Problem description :: Give an exact reproduction of the lines from the one with "This satisfying, earthy" to the final line of the entries below, both ends included, and omit the pictures.

Information given ::
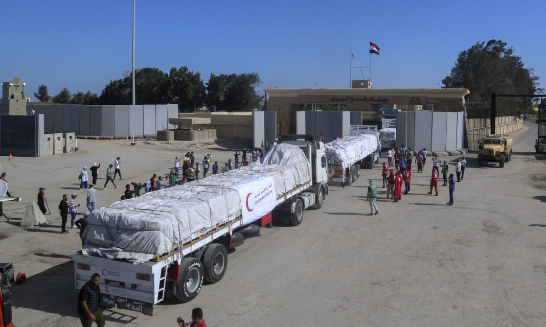 Σήμερα 17 φορτηγά με βοήθεια εισήλθαν στη Λωρίδα της Γάζας από την Αίγυπτο μέσω του τερματικού σταθμού της Ράφας, το μόνο σημείο διέλευσης προς τον παλαιστινιακό θύλακα που δεν ελέγχεται από το Ισραήλ.
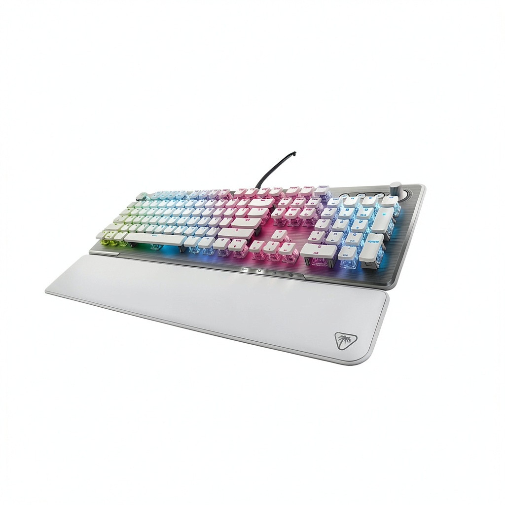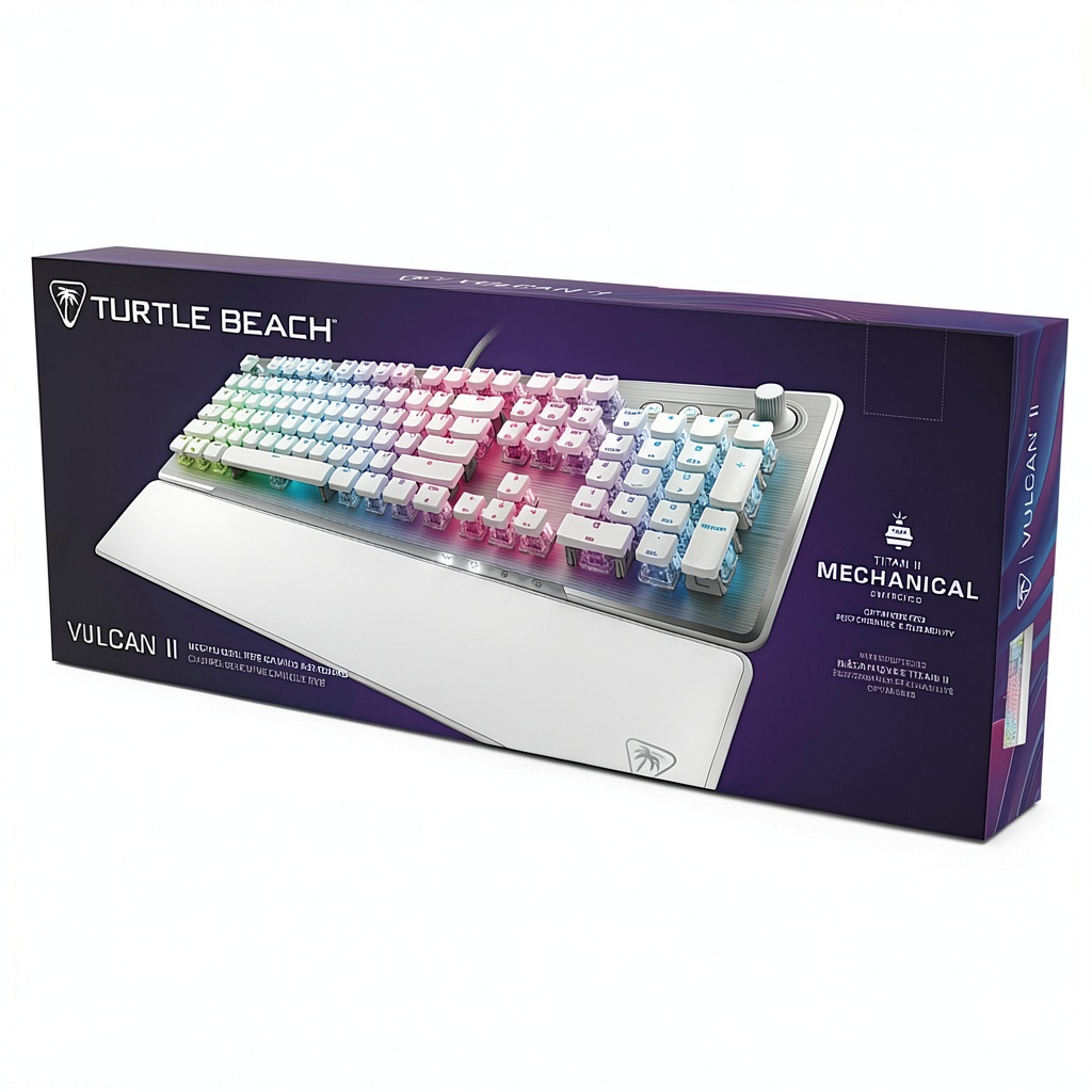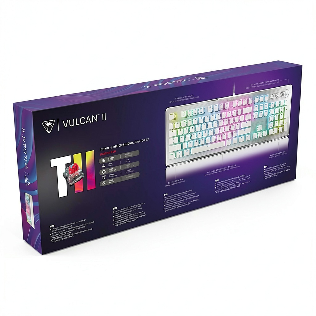 The Turtle Beach Vulcan II is a full-size wired mechanical gaming keyboard engineered with TITAN II switches for fast, tactile feedback and longevity. It boasts RGB illuminated keys that allow for extensive customization via software, enhancing both aesthetics and functionality. Constructed with a durable frame and high-quality keycaps, this keyboard is built to withstand rigorous use. Available in classic black or sleek white, it fits seamlessly into any gaming environment while providing essential features like anti-ghosting and full key rollover for uninterrupted gameplay.
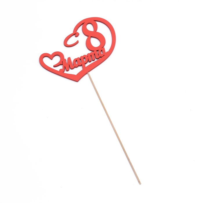 Топпер "С 8 марта", сердце, красный, 12.5х11см Дарим Красиво
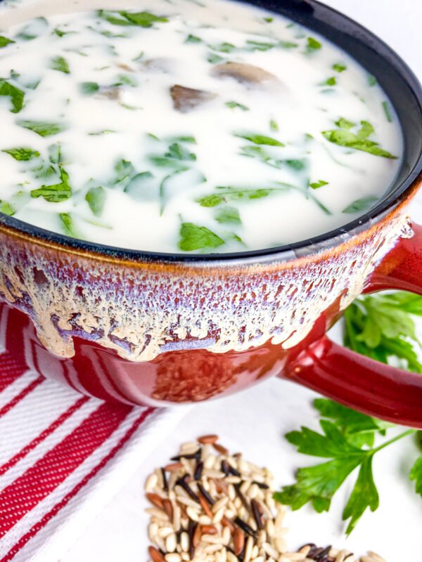 This satisfying, earthy soup is so warm and comforting. The wild rice is filling, while the finely minced and chopped vegetables give the soup consistent flavor throughout. What’s more, its “creaminess” comes from pureed cannellini beans and coconut milk, rather than dairy products.
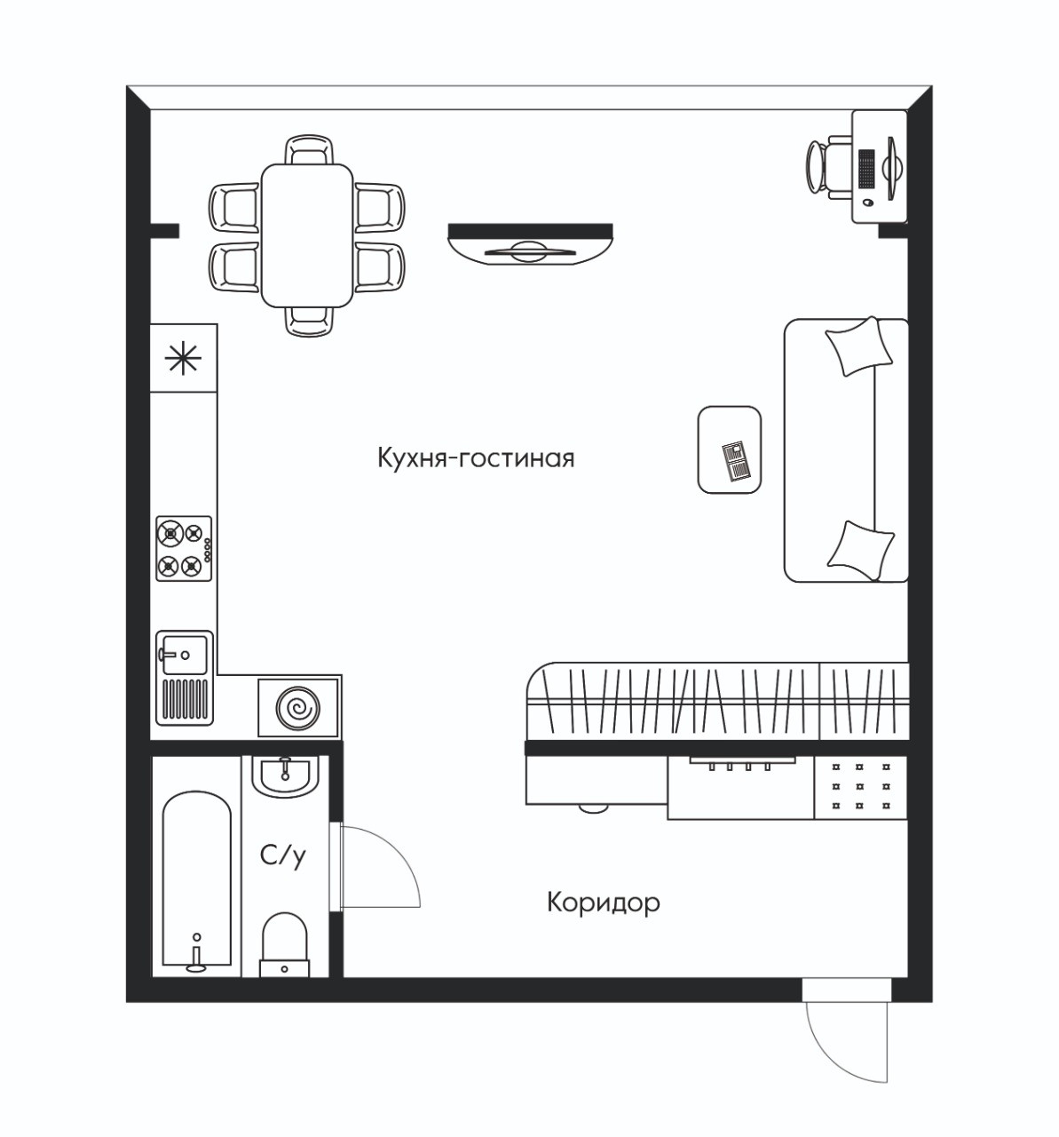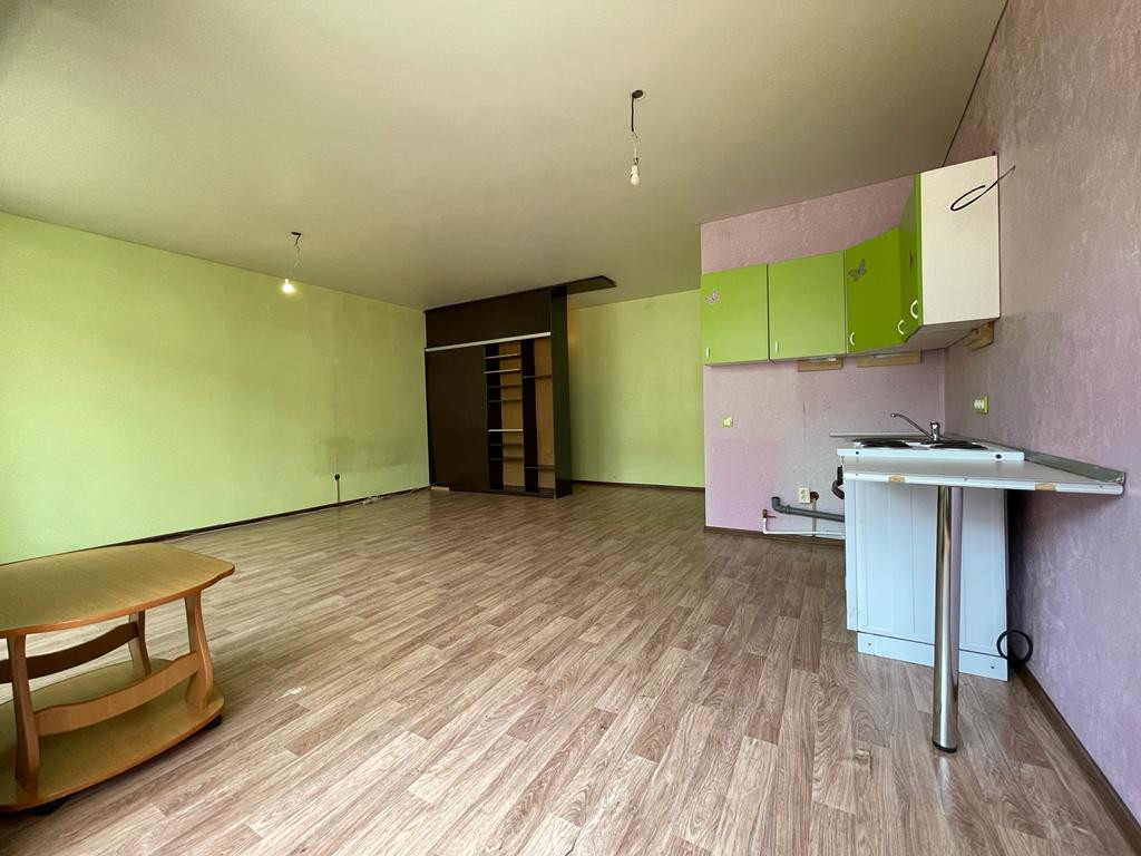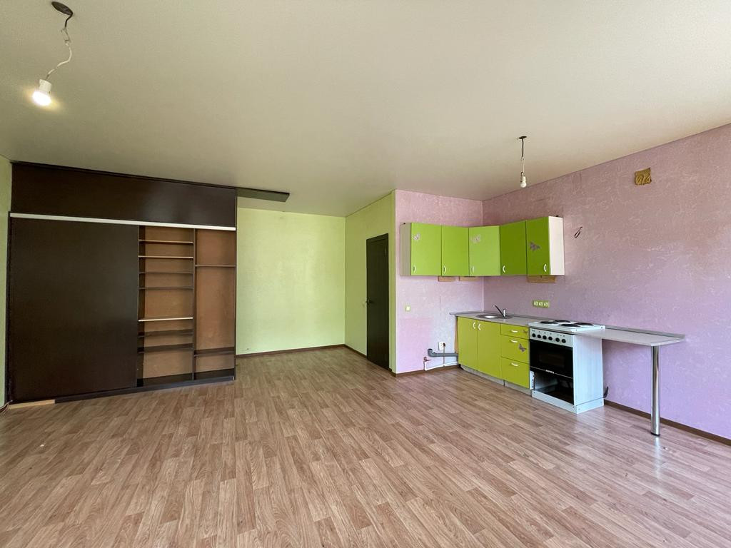 Просторная, светлая студия. Удобная транспортная развязка, что позволяет добраться в любую точку города.

Task response ::
 This satisfying, earthy soup is so warm and comforting. The wild rice is filling, while the finely minced and chopped vegetables give the soup consistent flavor throughout. What’s more, its “creaminess” comes from pureed cannellini beans and coconut milk, rather than dairy products.
 Просторная, светлая студия. Удобная транспортная развязка, что позволяет добраться в любую точку города.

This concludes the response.